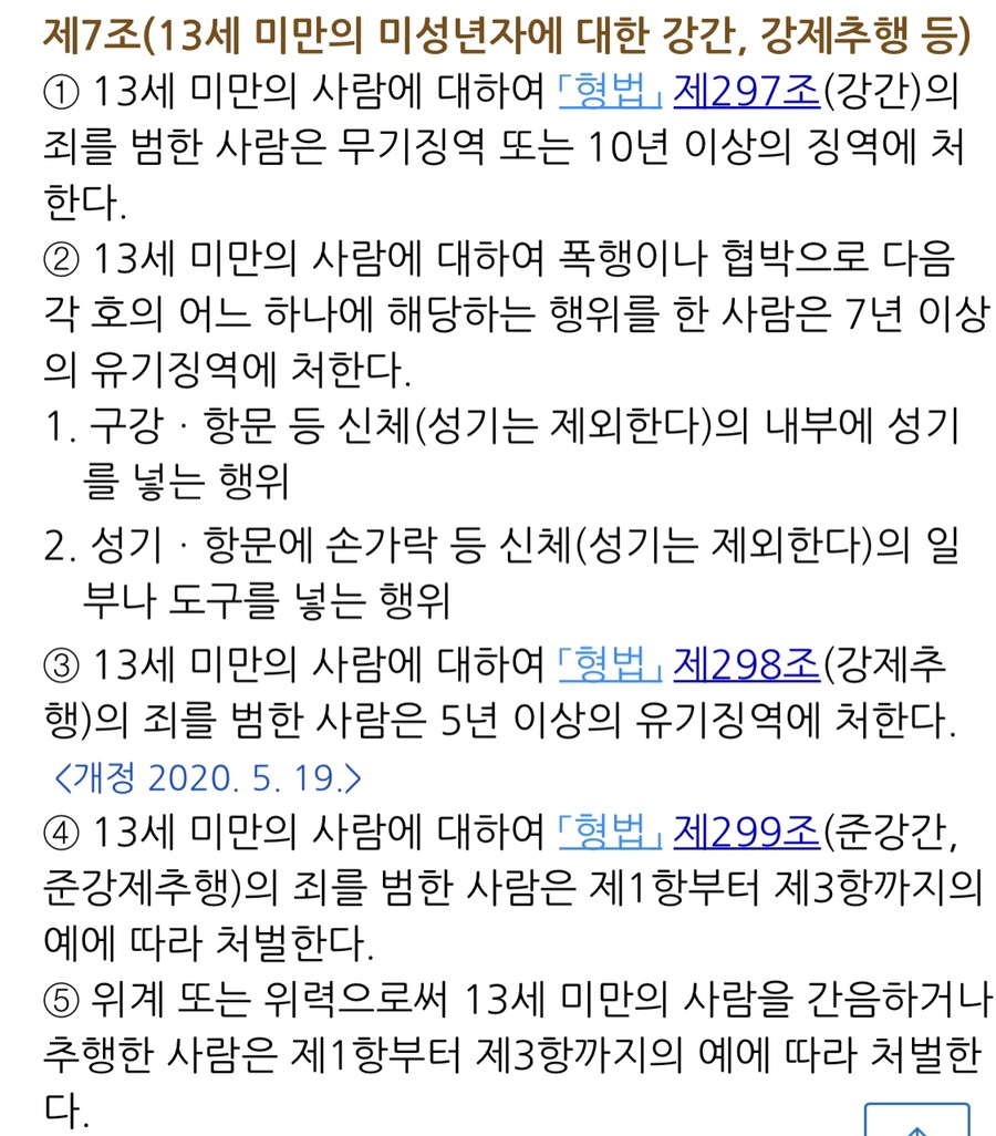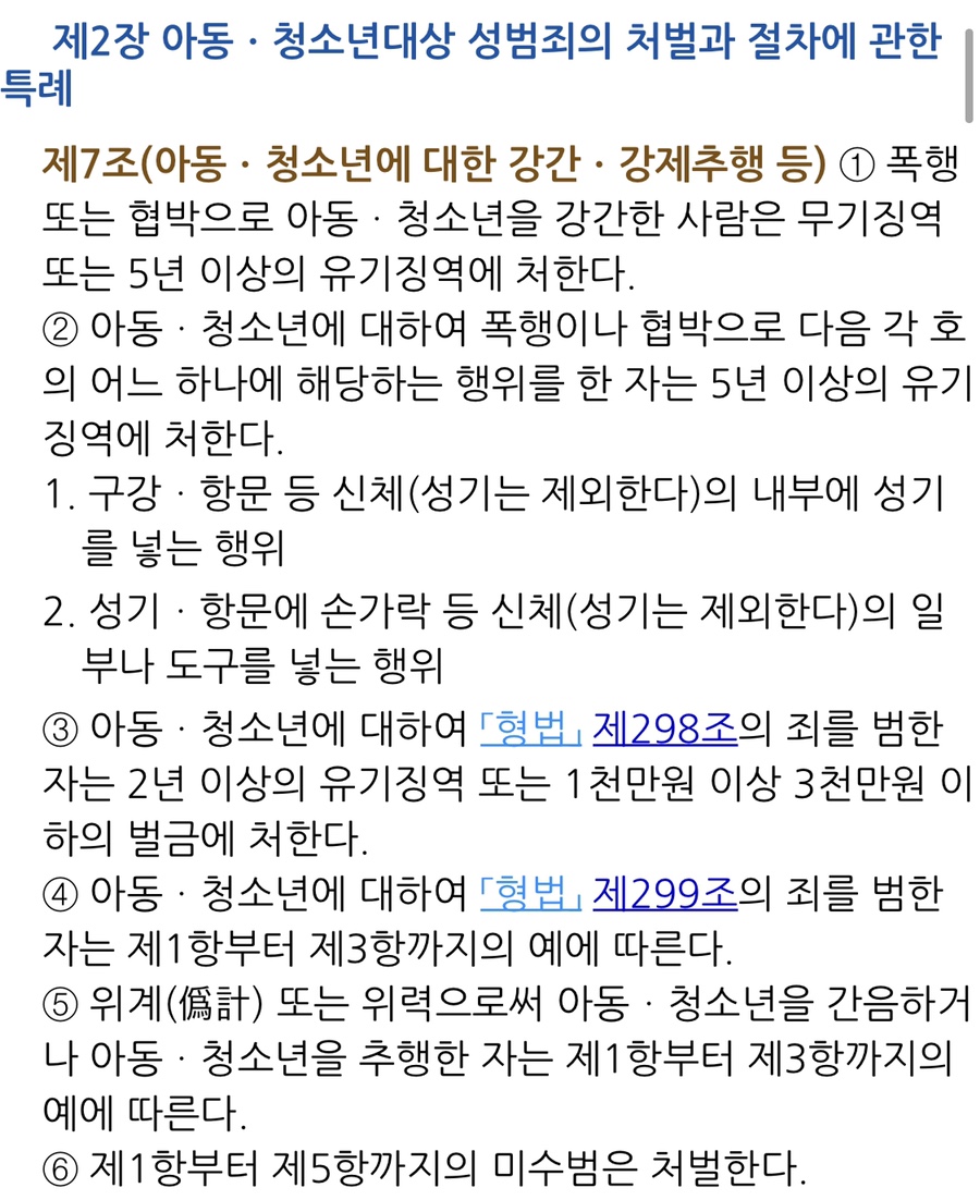 또한 그 대상이 미성년자인 경우 연령에 따라 처벌 규정과 수위가 달리 규정되어 있는데, 만 13세 미만의 미성년자인 경우에는 '성폭력범죄의 처벌 등에 관한 특례법'상 5년 이상의 유기징역에, 만 13세 이상 만 19세 미만의 경우에는 '아동ㆍ청소년의 성보호에 관한 법률'상 2년 이상의 유기징역 또는 1,000만 원 이상 3,000만 원 이하의 벌금에 처해집니다.
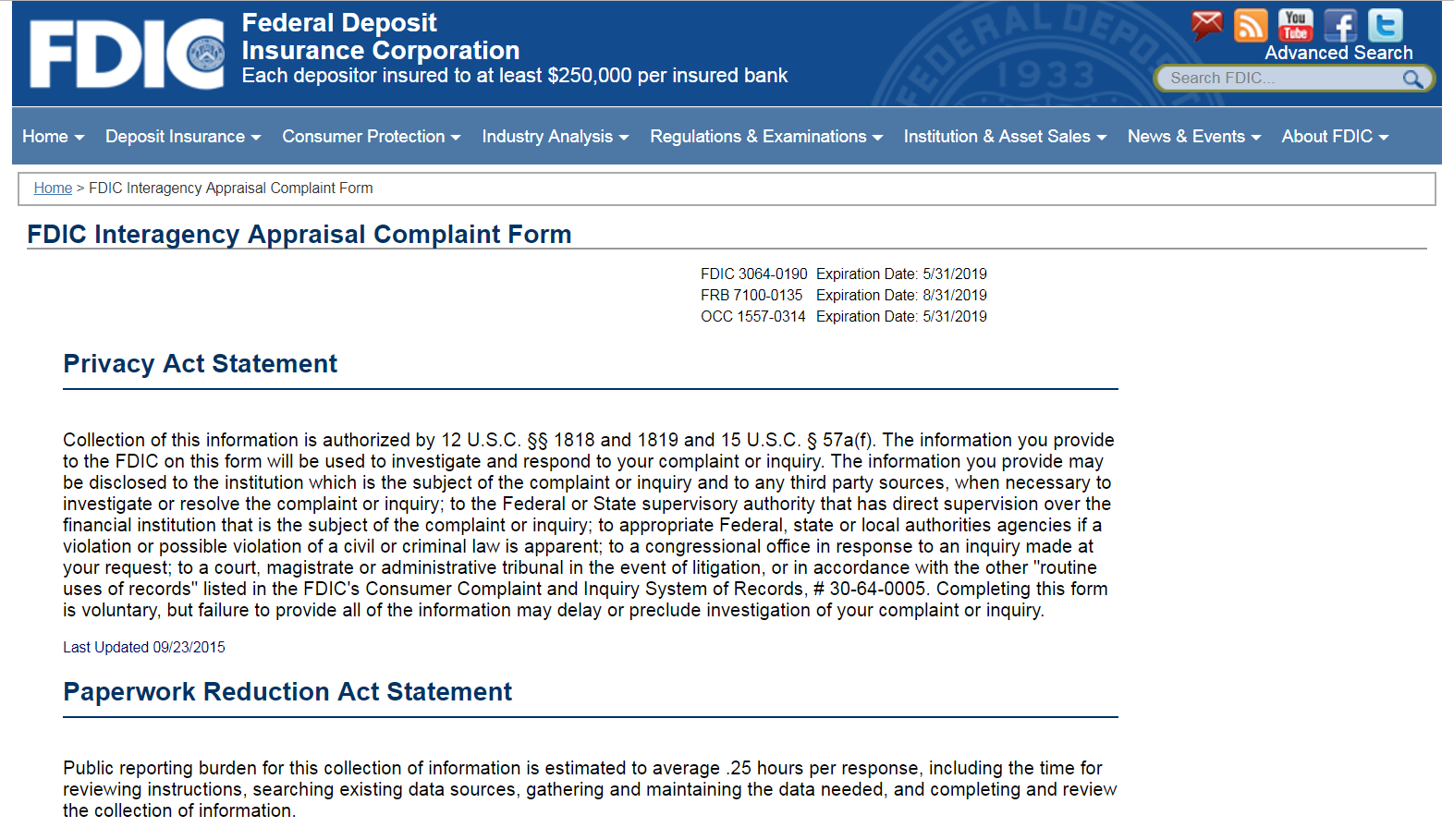 FDIC Interagency Appraisal Complaint Form
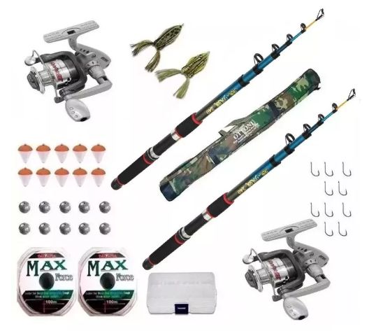 Kit para pesca leve completo, Com 2 Molinetes Star 3, Duas varas, um porta vara Ottoni para fácil deslocamento com o Kit, Além de linha, estojo organizador, chumbada, boia e anzóis!
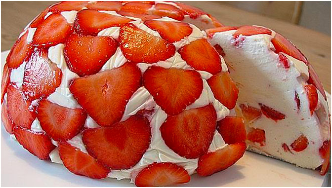 Bombe auf einen Teller stürzen und Frischhaltefolie vorsichtig abziehen. Servieren und genießen.
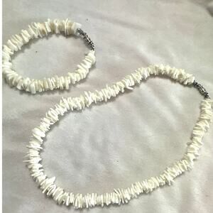 Vintage White Hawaiian 15" Chipped Puka Sea Shell Necklace and Bracelet
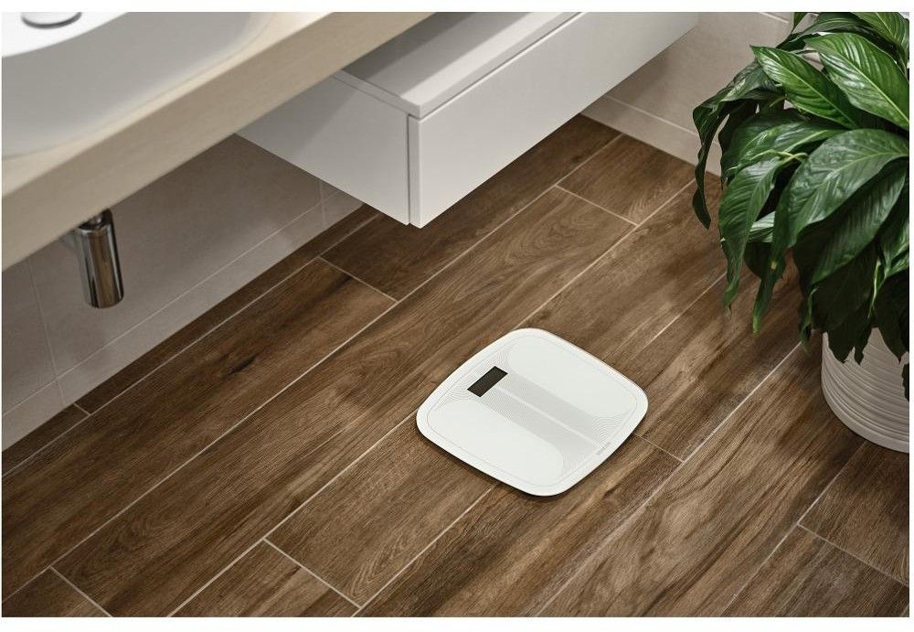 Atraktivní vzhled osobní váhy v bílém provedení je obohacen o geometrické jemné ornamenty na horní desce, které vás směrují kam položit přesně plosky nohou. Přehledný LCD displej je podsvícený LED diodami. Poskytne vám přesné informace o aktuální váze a měrných jednotkách.
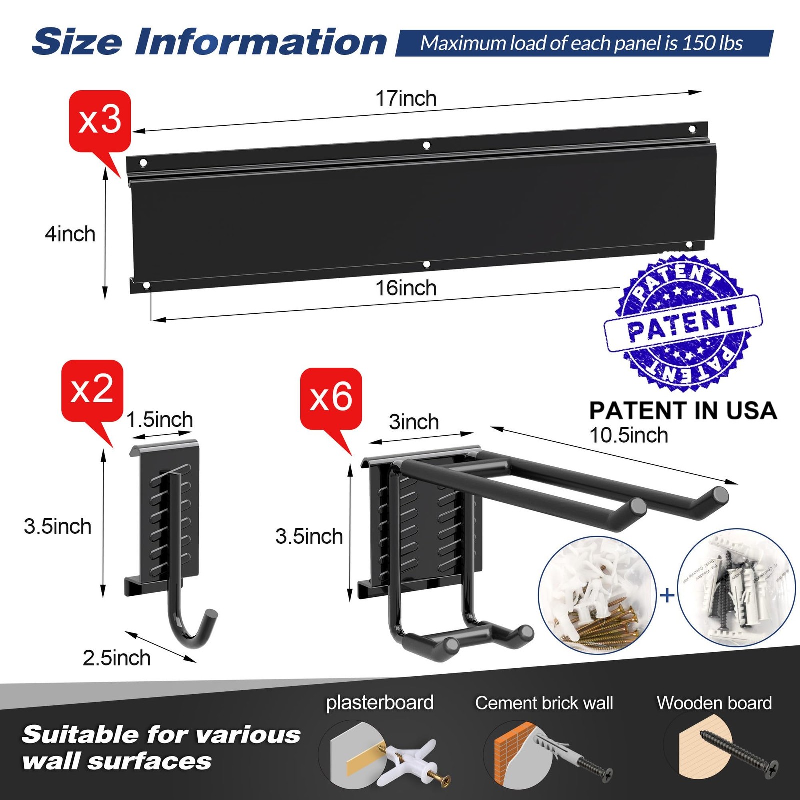 Garage Tool Storage Rack Perfect Fit: The 17" total length of the slot board and 16" distance between the outermost two holes are designed to perfectly fit the standard 2"x4" stud spacing in American homes, ensuring the hanging point is in the center of the wooden board for maximum stability. The hooks are rubber-coated (protect your tools from slid and damage) and removable, you can customize the spacing between the attachments on the 51" steel rail (3 panels) to meet your needs. Multiple Mounting Options and Easy Install: It includes 2 types of screws for different wall types: self-tapping screws and expansion tubes for brick walls, self-tapping screws for wood walls, and wall anchors for gypsum board walls. The kit comes with pre-drilled tracks and screws. Before mounting the rack, mark the position of the rail to ensure that it is parallel to the horizontal. Once marked, simply attach the rack to the wall studs using the included anchors and fasteners. Heavy-Duty Construction: Made with high-strength steel with powder-coated, this garage storage organizer can support up to 450 lbs, making it perfect for heavy tools and equipment. Resists rusting, chipping and cracking. Comes with 3 slot boards and 8 hooks, providing ample storage space for bikes, sports equipment, chairs, garden tools, shovels rakes, brooms, mops, extension cords, hoses, power tools, and other sporting equipment such as helmets, boots, ice skates, hockey sticks, ski gears etc. Convenient Access: The organizer's design also makes it incredibly convenient to store and access your tools. The hooks are positioned at a variety of heights and angles, so you can easily find the tool you need without having to search through a cluttered toolbox or drawer. Plus, the system is easily expandable, so you can add more hooks or even additional storage components as your needs change over time. Customer Service: The Garage Storage Organizer is a versatile and practical solution for anyone looking to get their workspace organized and clutter-free. Whether you're a DIY enthusiast or a professional mechanic, the Garage Storage Organizer is the perfect solution for organizing your garage, workshop, or storage space. If you are not satisfied with the wall mount tool organizer, just send an email to us, you'll get refunded to you, no questions asked.

_ _ _ _ _ _ _

* [PROBLEM STATEMENT] Your output should be the lines above from the one that contains "FDIC Interagency Appraisal Complaint Form" through the one that contains "Vintage White Hawaiian", word for word, with pictures left out.

* [RESPONSE TO THIS TASK]
 FDIC Interagency Appraisal Complaint Form
 Kit para pesca leve completo, Com 2 Molinetes Star 3, Duas varas, um porta vara Ottoni para fácil deslocamento com o Kit, Além de linha, estojo organizador, chumbada, boia e anzóis!
 Bombe auf einen Teller stürzen und Frischhaltefolie vorsichtig abziehen. Servieren und genießen.
 Vintage White Hawaiian 15" Chipped Puka Sea Shell Necklace and Bracelet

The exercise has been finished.